Stationary phase-specific virulence factor overproduction by a lasR mutant of Pseudomonas aeruginosa

Abstract

Secreted virulence factors of the human pathogen Pseudomonas aeruginosa are often under quorum sensing control. Cells lacking the quorum-sensing regulator LasR show reduced virulence factor production under typical laboratory conditions and are hypo-virulent in short-term animal infection models, yet lasR mutants are frequently associated with long-term infection in cystic fibrosis patients. Here, I show that in stationary-phase or slow-growth conditions, lasR cells continuously and strongly produce the important virulence factor pyocyanin while wild-type cells do not. Pyocyanin overproduction by lasR cells is permitted by loss of repression by RsaL, a LasR-dependent negative regulator. lasR cells also contribute pyocyanin in mixed cultures, even under "cheating" conditions where they depend on their wild-type neighbors for nutrients. Finally, some clinical P. aeruginosa isolates with lasR mutations can overproduce pyocyanin in the laboratory. These results imply that slow-growing clinical populations of lasR cells in chronic infections may contribute to virulence by producing pyocyanin under conditions where lasR⁺ cells do not.

Figure 1. A lasR mutant overproduces pyocyanin under stationary-phase culture conditions.

A. A simplified diagram showing some of the regulatory pathways linking the three quorum-sensing systems of P. aeruginosa and exoproduct synthesis. Each system and its regulatory pathways is color coded. B. Plot of the number of live cells (colony-forming units) in static cultures of strains with wild-type (WT) PA14 (MTC772), PA14 lasR (MTC774), and PA14 lasR rhlR (MTC797) backgrounds in LB at 25°C. C. Pyocyanin quantification in static cultures of wild-type (WT) PA14 (MTC1), PA14 lasR (MTC390), and PA14 lasR rhlR (MTC626) in LB at 25°C. The inset image shows the appearance of the cultures in a 12-well plate after 7 d. All plots show the mean ± standard deviation of 3 biological replicates.

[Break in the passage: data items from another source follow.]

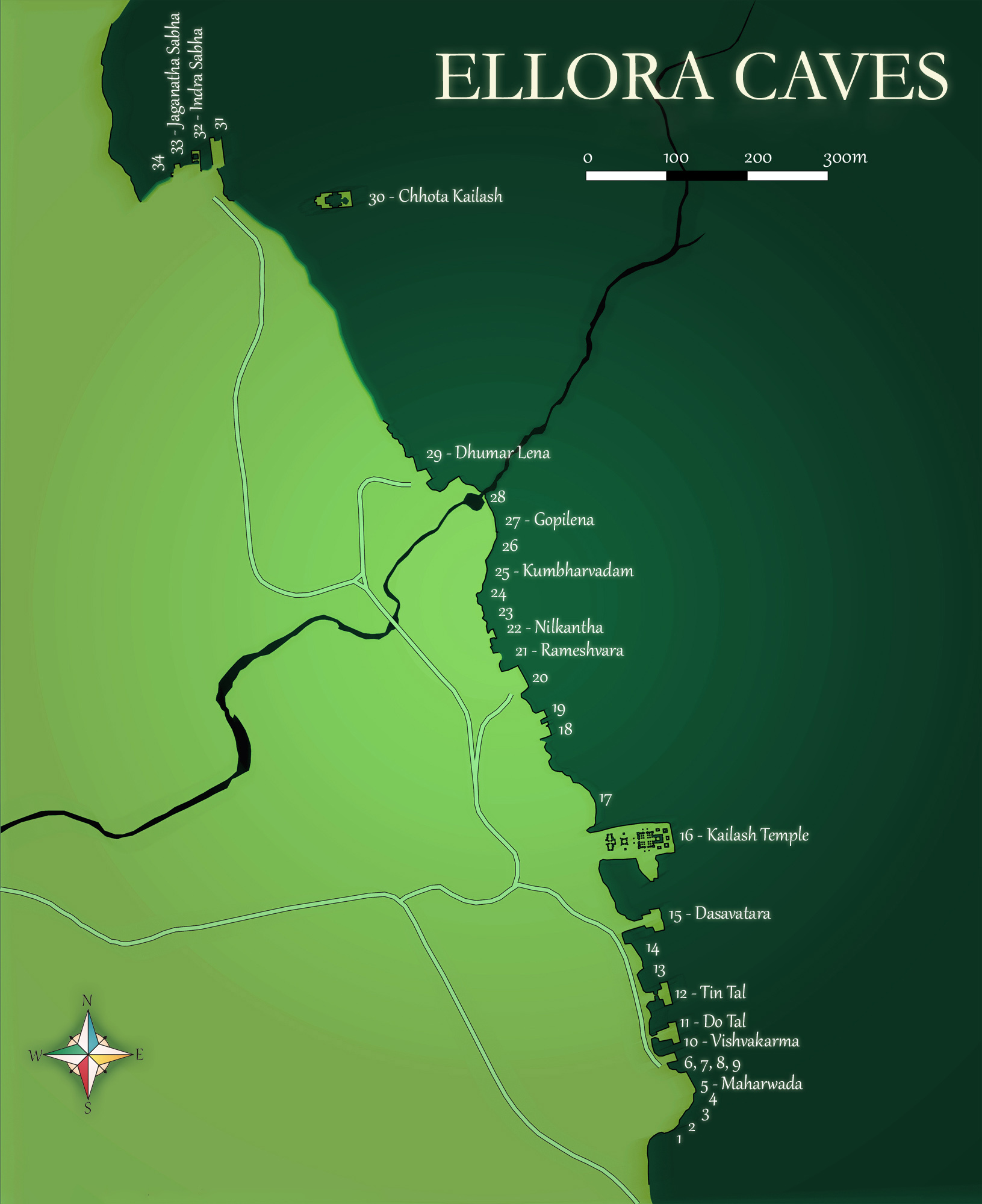 엘로라는 인도 마하라슈트라 주의 아우랑가바드에서 약 30km 떨어진 마을이다. (현지에서는 에-로-라라고 발음하기도 한다.)
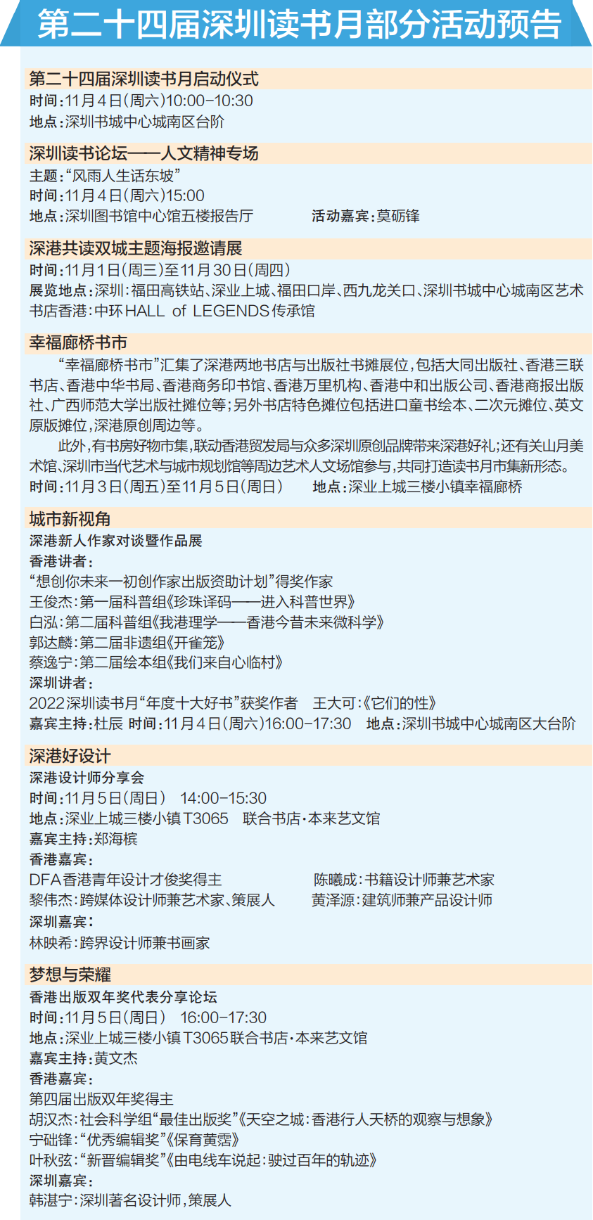 经济科技高度发达的地区,也是城市文明的兴盛之地。本届读书月以“共读双城”为主题,创新推出系列深港阅读交流活动。接下来,幸福廊桥书市、深港设计师对话、深港新人作家对谈暨作品展、深港青少年同诵古诗词展演活动、香港出版双年奖×深圳读书月年度十大好书联展等活动将轮番上演。
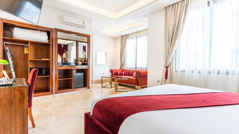 Die Zimmer im One Hotel Casablanca sind klimatisiert und bieten einen komfortablen Rückzugsort für die Gäste. Jedes Zimmer ist mit modernen Annehmlichkeiten wie einem Schreibtisch, einer Kaffeemaschine, einem Kühlschrank, einer Minibar, einem Safe, einem Flachbild-TV, einer Terrasse und einem eigenen Badezimmer mit Bidet ausgestattet. Die Zimmer sind geschmackvoll eingerichtet und bieten einen angenehmen Aufenthalt.
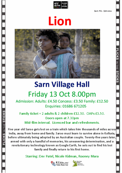 On Friday 13th October we will be showing ‘Lion’ in Sarn village hall.
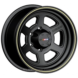 You could get some of these Nascar replica wheels. They're flat black with a red stripe on the lip, but they do say "Nascar" on one of the spokes and centercap...
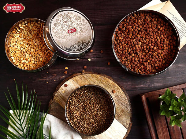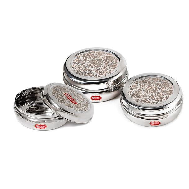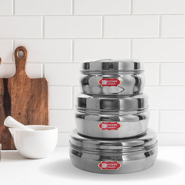 Kitchen Expert® Steel Containers For Kitchen Storage Set Of 3 (300 ML, 400 ML, 500 ML)
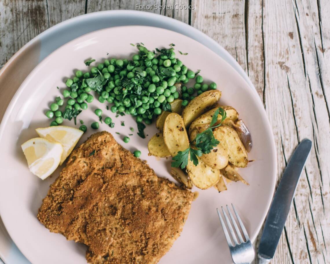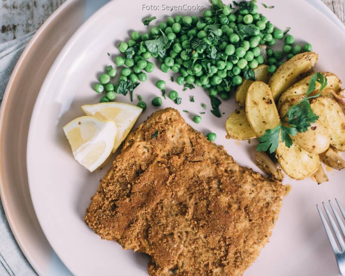 Foto: SevenCooksSojaschnitzel mit Babykartoffeln und Erbsen
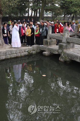 | △ 개성 관광객 10만명 돌파 (개성=연합뉴스) 박지호 기자 = 개성관광객 10만명을 넘어선 15일 오후 황해남도 개성시 선죽교를 찾은 관광객들이 안내원의 설명을 듣고 있다. jihopark@yna.co.kr |
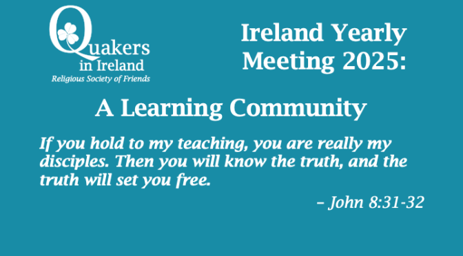 Ireland Yearly Meeting will be held on 25 – 27 April 2025 at Friends School Lisburn. (Ireland Junior Yearly Meeting will be held just before, on 17 – 21 April 2025 at Newtown School Waterford. You can find out more about JYM 2025 here.)
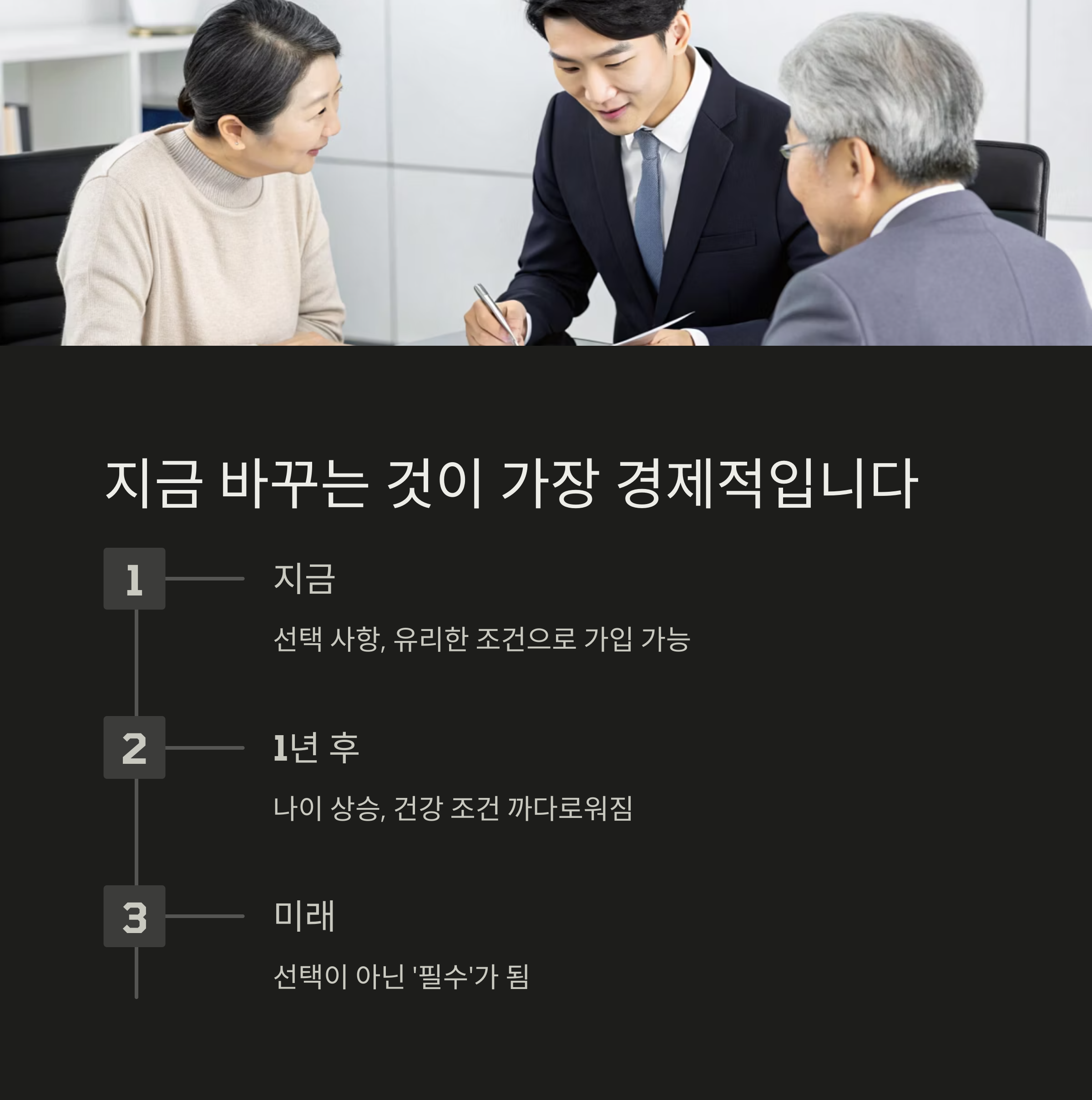 보장 범위는 넓히고, 보험료는 낮게 유지할 수 있는 마지막 기회입니다.
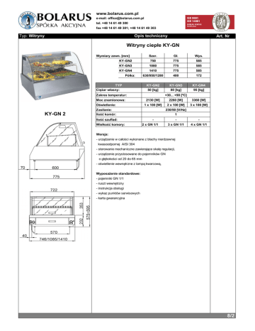 www.bolarus.com.pl e-mail: [email protected] tel. +48 14 61 49 300 fax +48 14 61 49 301; +48 14 61 49 303 Typ: Witryny Opis techniczny Art. Nr Witryny ciepłe KY-GN Wymiary zewn. [mm] Szer. Gł. KY-GN2 750 775 585 KY-GN3 1080 775 585 KY-GN4 Półka: TYP Ciężar własny: 1410 775 585 630/950/1280 400 172 KY-GN2 50 [kg] KY-GN3 80 [kg] KY-GN4 95 [kg] +30... +90 [ºC] Zakres temperatur: Moc znamionowa: Oświetlenie: KY-GN 2 2130 [W] 2260 [W] 3360 [W] 1 x 100 [W] 2 x 100 [W] 3 x 100 [W] Zasilanie: Ilość komór: Ilość szuflad: Wielkość komory: Wys. 230/50 [V/Hz] 1 2 x GN 1/1 - - 3 x GN 1/1 4 x GN 1/1 Wersja: - urządzenie w całości wykonane z blachy nierdzewnej kwasoodpornej AISI 304 - sterowanie mechaniczne zawierające skalę regulacji, - urządzenie przystosowane do pojemników GN o głębokości od 20 do 65 mm - oświetlenie wewnętrzne z lampą kwarcową, Wyposażenie standardowe: - pojemniki GN 1/1 - ruszt wewnętrzny - instrukcja obsługi - wykaz punktów serwisowych - karta gwarancyjna 8/2
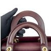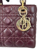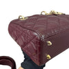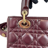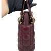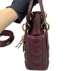 The Lucky Badges My Lady Dior Small is a feminine, stylish tote crafted of the hallmark cannage quilted lambskin leather in burgundy. The rolled reinforced leather handles provide sturdy carrying, while the embellished strap adds versatility and comfort. The bag features gold hardware and a top inner flap that opens to a classy interior in Dior monogram jacquard fabric with a zip pocket. The Charms can be interchanged with newly chosen charms sold separately at the Dior boutique.
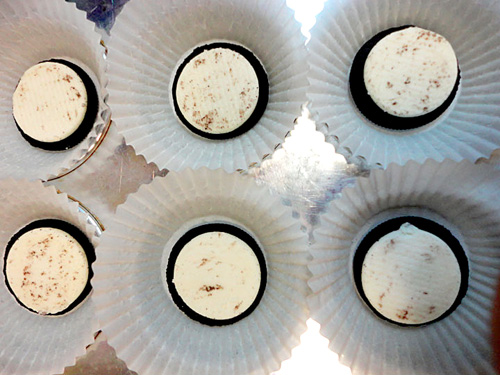 Twist the top part off of 12 Oreos so the white creamy-ness is exposed. Line 12 cupcake wrappers with the exposed Oreo Cookies.
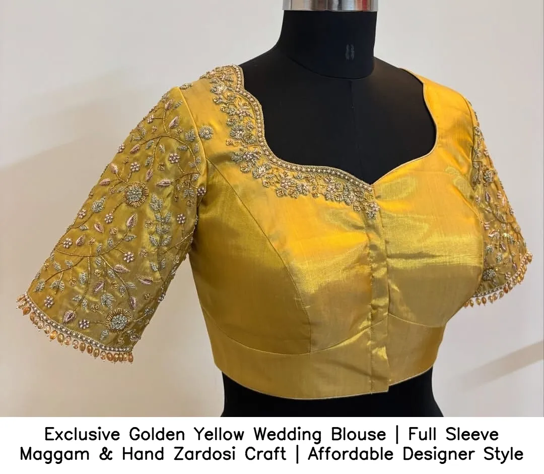 Why Choose Exclusive Golden Yellow Wedding Blouse | Full Sleeve Maggam & Hand Zardosi Craft | Affordable Designer Style?
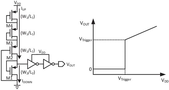 The voltage detector with its waveform is shown in Figure 11. When reaches , turns high. The trigger voltage is determined by comparing and . To reduce the power consumption, M1-M4 are working in the subthreshold region. According to [], is expressed as
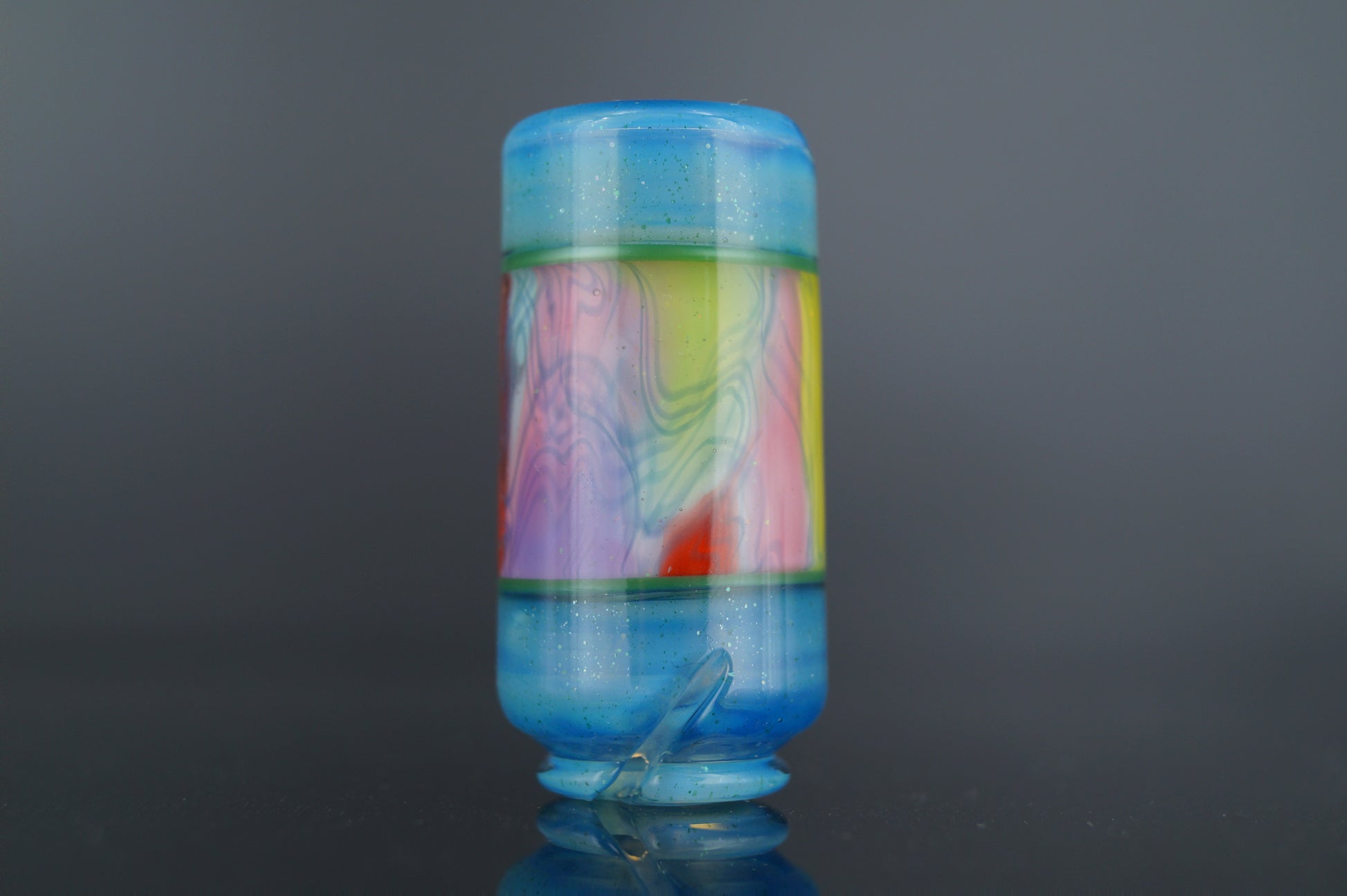 Pivot Spinner Top - Blue Stardust over Ghost and Crushed Opal Rainbow scribble
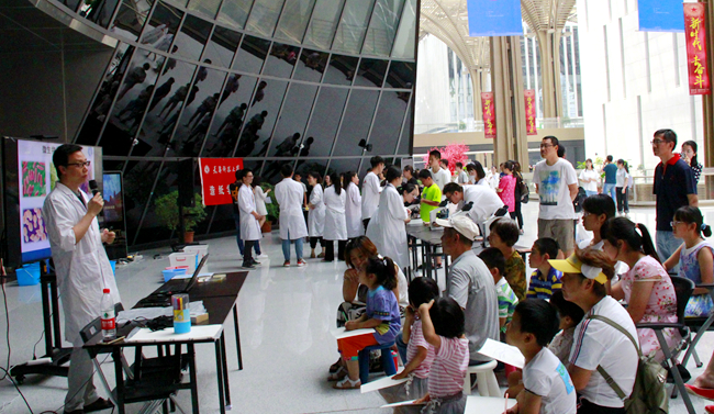在“奇妙的微生物”活动现场,生物工程学院应用微生物教工党支部书记刘逸寒教授带领大家开展“科学小讲堂”活动,通过多媒体展示,惟妙惟肖地为讲授微生物的趣味知识。生物学院大学生学术交流研讨会团队的同学们组织小朋友们观看酵母、霉菌试管与显微镜,帮助家长们和小朋友们对微生物进行宏观、微观体验,了解生物万花筒的奥秘,并开展“我来讲讲微生物”互动游戏等。
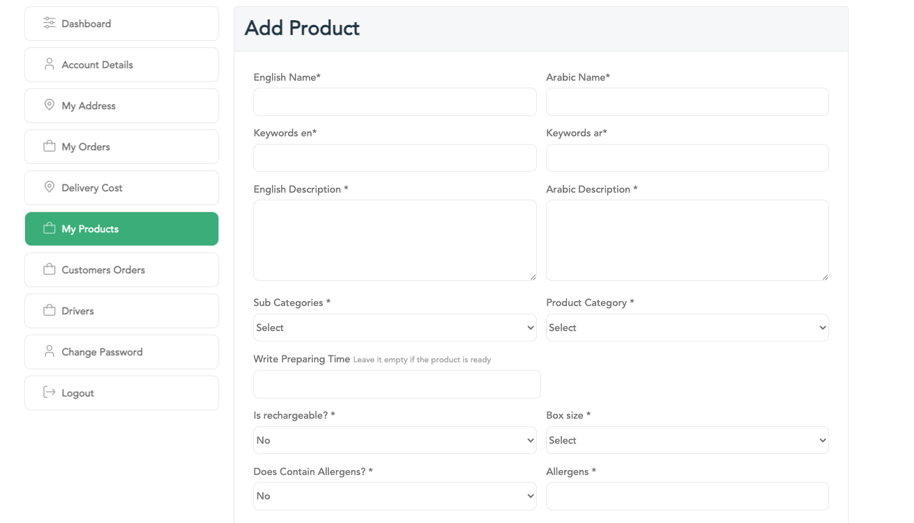Now, it is required to fill the information of the product such as Name (Arabic & English), Category, Description (Arabic & English) and attach photo for the product.
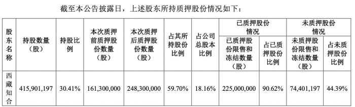 截至1月末的公告披露日,西藏知合合计持有维信诺30.41%股权、共计持415,901,197股。此次质押后,西藏知合公司合计质押上市公司248,300,000股,占其所持有股份比例的59.7%,占维信诺公司总股本的18.16%。
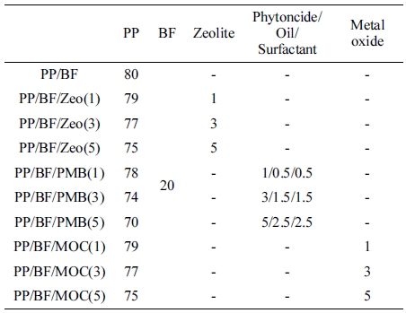 재료. 폴리프로필렌(PP)은 대한유화공업(주)의 CB5290과 SK종합화학의 BX3800을 50/50 비율(wt%)로 혼합하여 사용하였고, 대나무 섬유(BF)는 (주)한양소재에서 200 µm 길이의 파우더 형태 제품을 제공받아 사용하였다. 다공성 무기물은 WAKO의 제올라이트(비표면적 0.2797 m2/g, 기공 크기 2.734 nm)를 사용하였으며, 피톤치드는 피톤치드 마이크로캡슐((주)피톤치드환경, 액상슬러리), 프로세싱 오일(극동유화의 파라핀계(LP150F)) 및 계면활성제의 마스터배치(master-batch, MB)형태로 사용하였다. 계면활성제는 시그마알드리치의 polyoxyethylene Lauryl ether(Brij® L4)를 사용하였고, 금속산화물 촉매는 MnO: 70-80%, CuO: 15-20%, 귀금속: 약 1%로 구성된 한소(주)의 X-ODOR 제품을 사용하였다. 금속산화물 촉매로 망간(Mn)과 구리(Cu) 혼합산화물을 이용한 이유는 VOC에 대한 기존의 연구 결과 이들 두 금속의 혼합 시 우수한 제거 효율을 나타내었기 때문이다.10,11
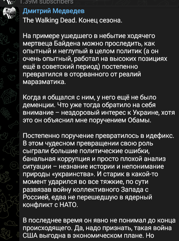 А как вам понравились изящные словеса "нашего любимого блогера" о Байдене? Сравнение с The Walking Dead, м-м-м, насладимся:
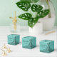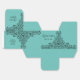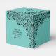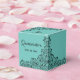 Caixas de 2" x 2" x 2" apresentam um elegante design de linhagem de espirais pretas, flores e folhas sobre fundo turquesa, seu nome no topo, Quinceañera na frente e um obrigado pessoal que você envia no verso. Convites e muito mais na nossa loja.
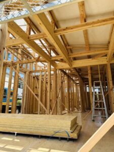 棟上げとは、土台の上に建物の骨組み部分である柱、梁、屋根を組み、
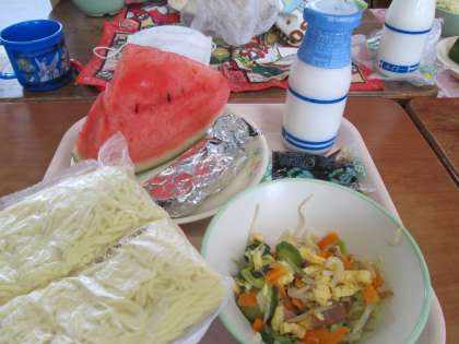 今日の給食は、冷やし中華 牛乳 ポテト重ね焼き すいかでした。

Figure 2. Wild-type and lasR mutant cells display distinct virulence gene expression patterns in stationary-phase culture.

Gene expression was measured using chromosomally integrated lux reporters in the listed strain backgrounds. Plots show the mean ± standard deviation of 3 biological replicates each composed of 3 technical replicates.

Figure 3. Pyocyanin production by stationary-phase lasR mutant cells requires Rhl and quinolone signaling.

A. Pyocyanin quantification in the listed strains with or without the listed signaling molecules after 6 days of LB static culture at 25°C. The images to the right of the bar graph show the appearance of representative cultures. *, p<0.005; **, p<0.001. The differences between lasR and the 100 µM-complemented autoinducer-negative samples were not significant (0.04<p<0.33). B. Pyocyanin quantification in static LB cultures of the listed strains and conditions at 25°C. C. Pyocyanin quantification in static LB cultures of the listed strains at 25°C. All plots show the mean ± standard deviation of 3 biological replicates.

Figure 4. RsaL prevents pyocyanin production by stationary-phase lasR ⁺ cells.

A. Transcription from the rsaL promoter in wild-type (PA14) and lasR mutant cells in static 25°C LB culture. B. Pyocyanin quantification in static LB cultures of the listed strains and conditions at 25°C. All plots show the mean ± standard deviation of 3 biological replicates.

Figure 5. A lasR mutant contributes pyocyanin in a cheating mixture.

Starting mixtures were 1:4 lasR mutant to PA14 or PA14 phz. All plots show the mean ± standard deviation of 3 biological replicates. A. Pyocyanin quantification in shaking M9-casein medium at 25°C. Inset shows appearance of cultures after 7 days of incubation. B. Relative proportions of lasR mutant cells in the indicated mixtures after 7 days of incubation. The difference between the two mixtures was not significant (p = 0.12).

Figure 6. Clinical lasR isolates can overproduce pyocyanin.

A. Locations of mutations in the LasR protein detected by sequencing. The mutations are in clinical isolates from Ref. 17. B. Appearance of static LB cultures of PA14 and lasR laboratory strains and of clinical isolates (CF1-6) with and without lasR mutations. The cultures were grown for 12 days at 25°C to allow weaker phenotypes to develop.